Cunninghams Gap is a pass over the Great Dividing Range between the Darling Downs and the Fassifern Valley in Queensland, Australia. The Gap is the major route over the Main Range along the Great Dividing Range, between Warwick and Brisbane. The Cunningham Highway was built to provide road transport between the two regions.

It is situated in Main Range National Park, between the peaks of Mount Cordeaux and Mount Mitchell. On a clear day the pass forms a distinct break in Main Range's profile as seen from Brisbane. It is located in Tregony in the Southern Downs Region immediately beside the boundary to Tarome in the Scenic Rim Region local government area.

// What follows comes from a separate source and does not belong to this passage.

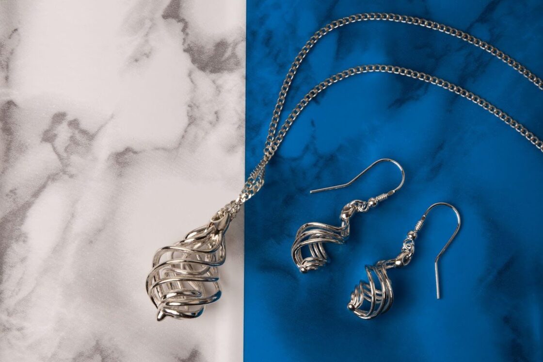 ‘Convolute’ pendant and earrings: The Convolute pendant inspiration came from the DNA helix. Wesley shaped the helix in the shape of a teardrop visualizing the DNA we share with every drop shed. This is one of the first designs he made and is the all time best seller. First published in 2012 under the name DNA Teardrop pendant, made in Polished Silver.

The highway itself is a scenic drive although steep with an eight degree grade on the descent.

==History==

The Indigenous name for the location is Cappoong, though the meaning is unknown. The local Indigenous people have a legend about the creation of the gap. In the dreamtime, the Yuggera people rounded up all the kangaroos in the area and fenced them into the valley west of Minto Crags (Whinpullin) to prevent other tribes from catching them. However, an old woman set them free. As they stampeded across the Great Dividing Range they tore a gap between Mount Mitchell (Coonyin-nirra) and Mount Cordeaux (Niamboyoo).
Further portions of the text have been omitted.